— Exercise prompt —
Write the lines below out exactly, dropping each picture.

Provided material START

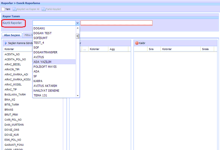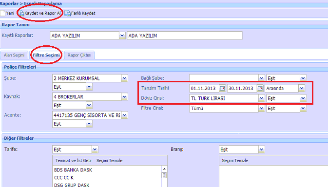 Gelen ekranda kayıtlı raporlar arasından varsa Adayazılım olan seçilir. Filtre seçimi sekmesine gelinir. Bu sekmeden Tarih aralığı ve döviz cinsi belirlenir. Üstte yer alan “Kaydet ve Rapor Al” butonuna tıklanır.
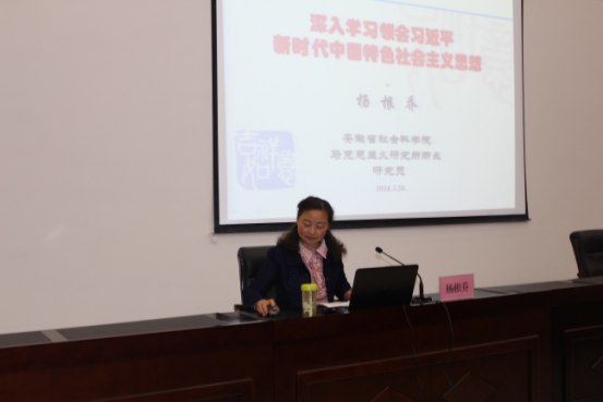 4月24日下午,省社科院马克思主义研究所所长杨根乔研究员应邀来我校作题为《深入学习领会习近平新时代中国特色社会主义思想》的专题报告。副校长马跃主持报告会。市委党校第43期县处级干部进修班、第31期中青年干部培训班的全体学员聆听了报告会。
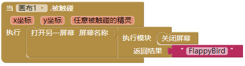(11)当小鸟被碰撞 时的代码。即是小鸟碰到水管或地面(精灵),则游戏结束,停止计时器,播放失败声音并显示得分。

Provided material END

— Answer to this task —
 Gelen ekranda kayıtlı raporlar arasından varsa Adayazılım olan seçilir. Filtre seçimi sekmesine gelinir. Bu sekmeden Tarih aralığı ve döviz cinsi belirlenir. Üstte yer alan “Kaydet ve Rapor Al” butonuna tıklanır.
 4月24日下午,省社科院马克思主义研究所所长杨根乔研究员应邀来我校作题为《深入学习领会习近平新时代中国特色社会主义思想》的专题报告。副校长马跃主持报告会。市委党校第43期县处级干部进修班、第31期中青年干部培训班的全体学员聆听了报告会。
(11)当小鸟被碰撞 时的代码。即是小鸟碰到水管或地面(精灵),则游戏结束,停止计时器,播放失败声音并显示得分。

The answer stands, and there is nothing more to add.